This week, President Obama will welcome African leaders to Washington for the first US-Africa Leaders Summit. Although a broad range of topics will be discussed -- from investing in healthcare to improving security - the central theme of the conference will be on unlocking Africa's economic opportunities and investing in the continent's next generation.
The African continent has made giant strides in recent years. In the past decade, many African countries have implemented difficult political and structural reforms that are now bearing fruit. The size of the African economy has more than tripled since 2000; and, today, Africa is one of the fastest growing regions in the world, second only to South East Asia. The fiscal outlook for most African economies has greatly improved, and most macroeconomic indicators are trending the desired direction. The continent has a rapidly expanding middle class, roughly equal in size to that of India. The region is also on the cusp of a demographic transition, and by 2035, Africa will have a combined labor force larger than that of China. The African continent is undoubtedly on the rise and ripe with opportunities for investment across multiple sectors.
While the "Africa rising" narrative is no longer news, some parts of the world -- particularly the West -- have been slow to seize the continent's emerging opportunities. Although Western Europe still accounts for the highest FDI flows to Africa due to historical ties, investments into Africa from other emerging markets are rising much faster. For example, over the past decade, the share of FDI projects in Africa from Western Europe and North America declined by 9 percent and 52 percent respectively. At the same time, the corresponding shares from Asia Pacific and the Middle East rose by 19 percent and 27 percent respectively. While the total number of new project investments from emerging markets grew by 157 percent between 2007 and 2012, new projects from developed countries grew by only 50 percent during the same period. India has now overtaken the UK and France as the largest single source of foreign firms investing in Africa's manufacturing industries.
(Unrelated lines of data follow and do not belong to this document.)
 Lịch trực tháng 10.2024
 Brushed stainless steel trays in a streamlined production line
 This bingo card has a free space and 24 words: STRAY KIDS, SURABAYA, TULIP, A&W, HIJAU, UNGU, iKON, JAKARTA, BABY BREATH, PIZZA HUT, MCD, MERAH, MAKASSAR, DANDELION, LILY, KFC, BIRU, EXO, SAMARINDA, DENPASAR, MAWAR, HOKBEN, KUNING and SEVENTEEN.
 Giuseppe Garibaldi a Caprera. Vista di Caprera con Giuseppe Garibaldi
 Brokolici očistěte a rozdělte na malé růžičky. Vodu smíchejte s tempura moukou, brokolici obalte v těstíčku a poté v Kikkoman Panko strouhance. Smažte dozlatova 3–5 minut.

Africa's trade with the rest of the world has followed a similar pattern. The developed countries' share of trade with Africa has declined as trade with other markets, particularly in the developing world, has picked up. Africa's total trade with the BRICS reached US$340 billion in 2012 representing a more than tenfold increase over the course of a decade. Not surprisingly, China has been Africa's largest trading partner since 2009.
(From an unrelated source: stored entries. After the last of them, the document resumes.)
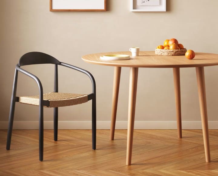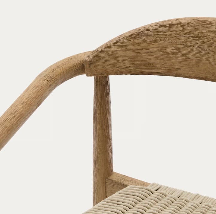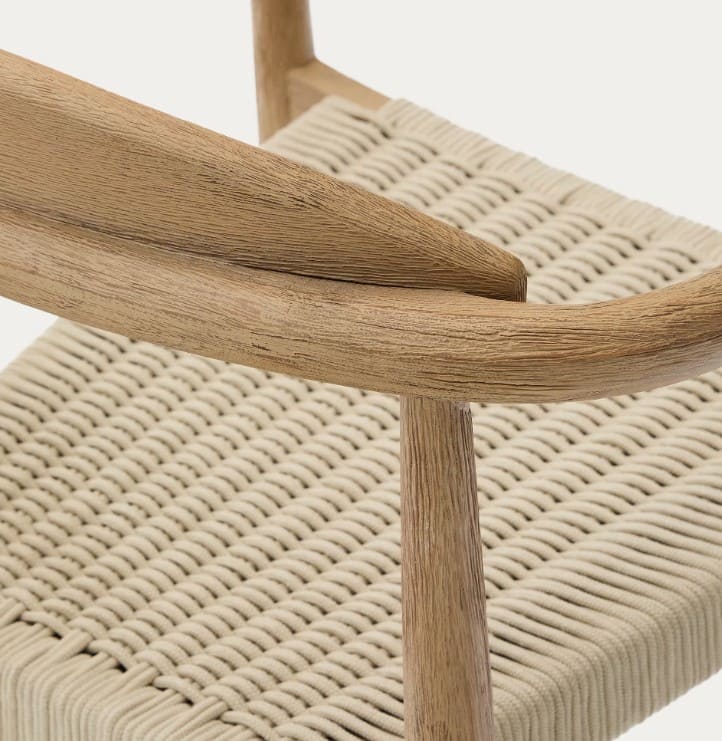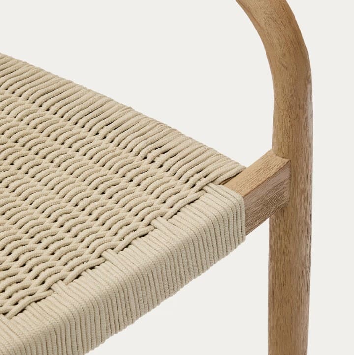 En la textura rústica de Nina, podrás apreciar los matices que ofrecen los materiales de alta calidad. Esta colección está confeccionada con madera maciza de acacia y acabado cepillado con una técnica artesanal. Por eso, cada pieza tiene tonalidades y vetas únicas. La cuerda del asiento está trenzada a mano y es resistente a los rayos UV.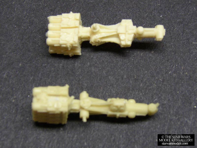 This little Rebel Blockade Runner (or Tantive IV) is intended to complement the ERTL Star Destroyer by fitting up inside the main hangar bay of the kit. Released by Arvey Model Products, this one piece kit is well cast and full of small scale detail. You get two per package so one can be stuck in the hangar bay while the other can be built as a separate kit. No assembly is necessary so no instructions are included. However, a useful painting guide is included to help guide you in recreating the Tantive IV. Something like this has been called for by modelers for a long time. It's nice to see something finally be released. This kit is available directly from Arvey Model Products for $18. | ||||||||||||||||||||||||||||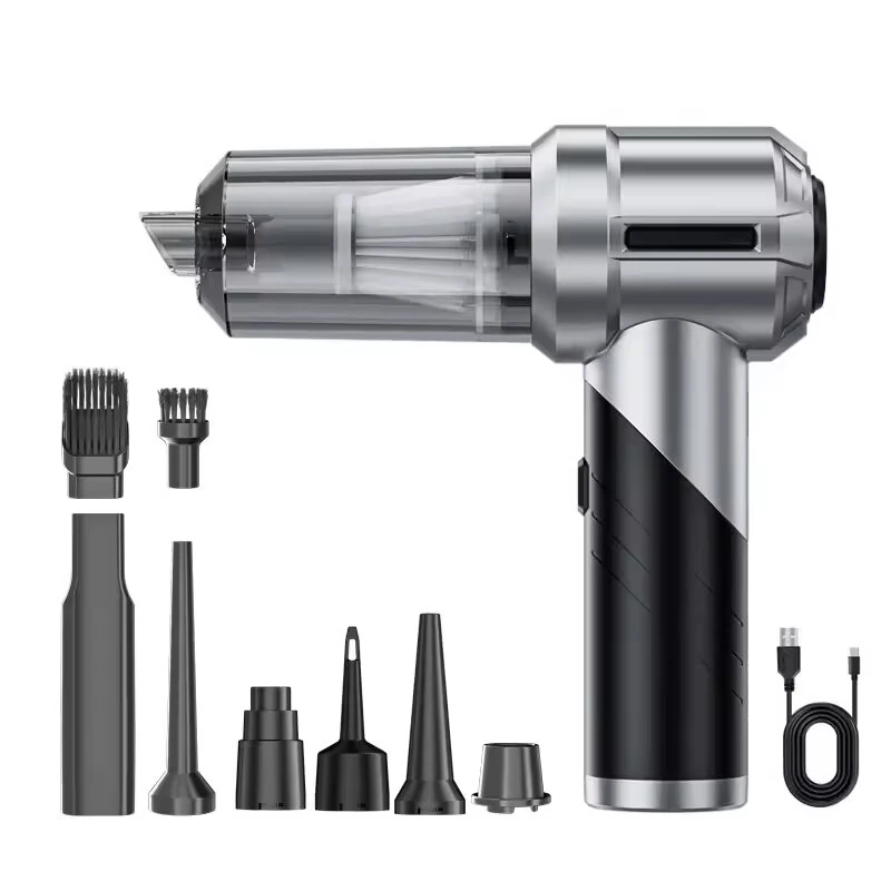 Especificações:Marca: suituNome: AspiradorDimensões: 19.5 x 6.8 x 19.5 cmMaterial externo: plástico ABSCor: PretoCapacidade de poeira: 0,15 LMétodo de carregamento: USB padrão, cabo Type-C (0,8 m de comprimento), 5V 1,5ABateria: 18650*3 2000mAh bateria de Li-ion, 11.1VPotência nominal: 100WPressão de sucção: Alta: 15 kPa, Média: 12 kPa, Baixa: 6 kPaFluxo de ar: 680 L/min (máx)Tempo de carregamento: Aprox. 4-5 horasTempo de trabalho contínuo: Baixo: 30 min,Médio: 18 min,Alto: 12 minDimensões da instalação de vácuo: 680 L/min de ventilação de sucçãoNível de som: ≤ 70 dBTemperatura do ambiente operacional: -20°C a +50°CTemperatura de armazenamento: -20°C a +50°CPeso Líquido: 0.395 kgPeso Bruto: 0.485 kgRecursos:- Poderosas capacidades de sucção e sopro:Equipado com um motor de alto desempenho, o aspirador oferece até 15 KPa de potência de sucção, lidando eficazmente com poeira, detritos e até partículas maiores. Além disso, ele pode transitar suavemente da sucção para o sopro, tornando-se uma ferramenta versátil para várias tarefas de limpeza e inflagem.- Acessórios multifuncionais para diversas aplicações:O aspirador vem com uma série de bicos especializados, incluindo escovas e acessórios planos, para alcançar cantos apertados do seu carro e casa. Também inclui vários bicos de sopro, adequados para inflar itens como anéis de natação, balões ou até mesmo limpar eletrônicos.- Design compacto e portátil:Projetado com a portabilidade em mente,a construção leve e compacta do aspira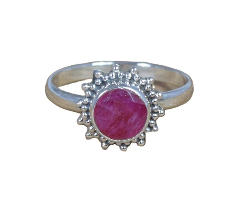 Anello Eternity Trendy con Rubino Rosso in Argento Sterling 925 Placcato Oro Rosa, Montatura a Griffe, Design Floreale, Moissanite, Regalo per Lei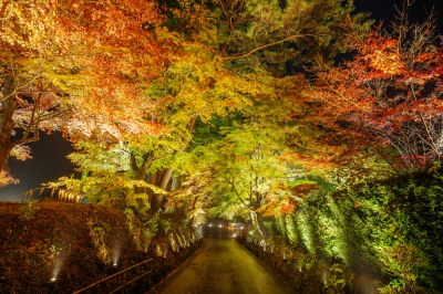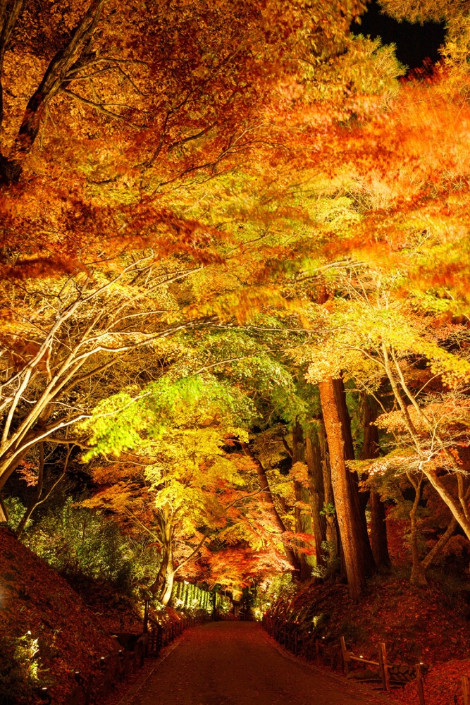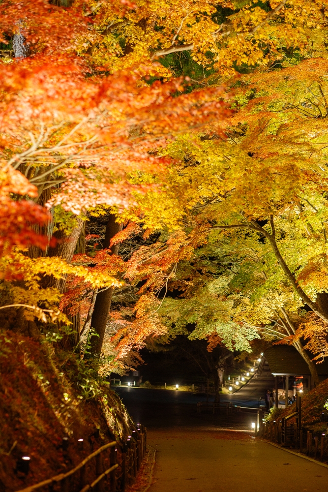 Tsukimizaka Slope to the temple becomes gradually brighter, and the main pathway from Hondo Main Hall to Konjikido Golden Hall, where the fall leaves are at their best, has been transformed into a space wrapped in the glow of autumn foliage illuminated by a series of small 2700K LED spotlights on both sides.

While investors from emerging markets in Latin America and Asia are already seizing the window of opportunity to invest in Africa, their Western counterparts have been slower to act. It would seem that the West remains stuck in Africa's lingering perception gap and has continued to prioritize aid in its engagements with Africa. While aid is undoubtedly important for the region's development -- and still constitutes a significant portion of budgets in some African countries -- it is simply not enough to cover Africa's significant investment needs. For example, the World Bank estimates that $93 billion per year is needed over the next decade to tackle Africa's infrastructural challenges. However, current spending is only $45 billion, leaving considerable gaps which cannot be met solely from aid budgets. Aid can however be catalytic in leveraging additional infrastructure and other investments. Many donors realize this and are now using aid in a more catalytic fashion.
With the high rates of return realized by investors across the African continent, investments provide a win-win option for both Africa and the West. Western investors must overcome their perception gaps and get on board before the window of opportunity narrows. This is the song that African leaders have been singing for almost a decade now. Obama's US-Africa Leaders Summit is evidence that this tune is finally catching on!